Newer lights (might) use LEDs that do not produce ozone. I only use LED uvc lights. Also, and this is key: DO NOT look at the uvc light. It can damage your eyes. It is safe for your skin, but it is not safe to look at.



This is incorrect, unless by "old school" UVC lights you mean 172nm xenon lamps. Those produce quite a lot of ozone. 254nm UVC lamps (also quite old school) do not produce ozone.

Ozone is produced at wavelengths below 242nm, but at very low levels. Significant ozone production only ramps up at wavelengths below 200nm (note the log scale in the figure https://onlinelibrary.wiley.com/doi/pdf/10.1111/php.13391) Whether or not the light is produced by an LED is immaterial--what matters is the output spectra.

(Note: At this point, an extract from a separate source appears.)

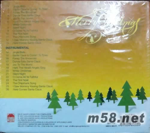 1.Jingle bells 2.santa claus is coming to town 3.frosty the snowman 4.dode esta:claus 5.joy to the world 6.hark.the herald angels sing 7.white christmas 8.silent night 9.o come,all ye faithful 10.the first noel 11.the chipmunk song 12.i saw mommy kissing santa claus 13.here comes santa claus INSTRUMENTAL 14.JINGLE BELLS 15.santa claus is coming to town 16.frosty the snowman 17.dode esta:claus 18.joy to the world 19.hark the herald angels sing 20.white christmas 21.silent night 22.o come all ye faithful 23.the first noel 24.the chipmunk song 25.i saw mommy kissing santa ciaus 26.here comes santa claus

There are no UVC LEDs that I would consider "safe" for either eyes or skin, except insofar as they are safe because they output very little light, or no UVC at all. SilannaUV makes a 235nm LED, but much of its spectrum is outside the relatively safe "far-UV" band.

Krypton-chloride lamps produce near-monochromatic 222nm, and generally are sold filtered to remove even traces of non-far-UV wavelengths. These are relatively safe because at 222nm, protein absorption in the outer layers of human tissues is so high that the photobiological risk is likely low, especially in skin. I still don't recommend staring directly at those lamps for extended periods of time, especially close up, but this is the only kind of lamp that I might consider 'safe'.

Essentially, if it doesn't produce ozone, it is likely a significant photobiological hazard--unless it's just producing very low levels of light, or not producing UVC at all. Many "UVC" lights you can buy online aren't really UVC at all.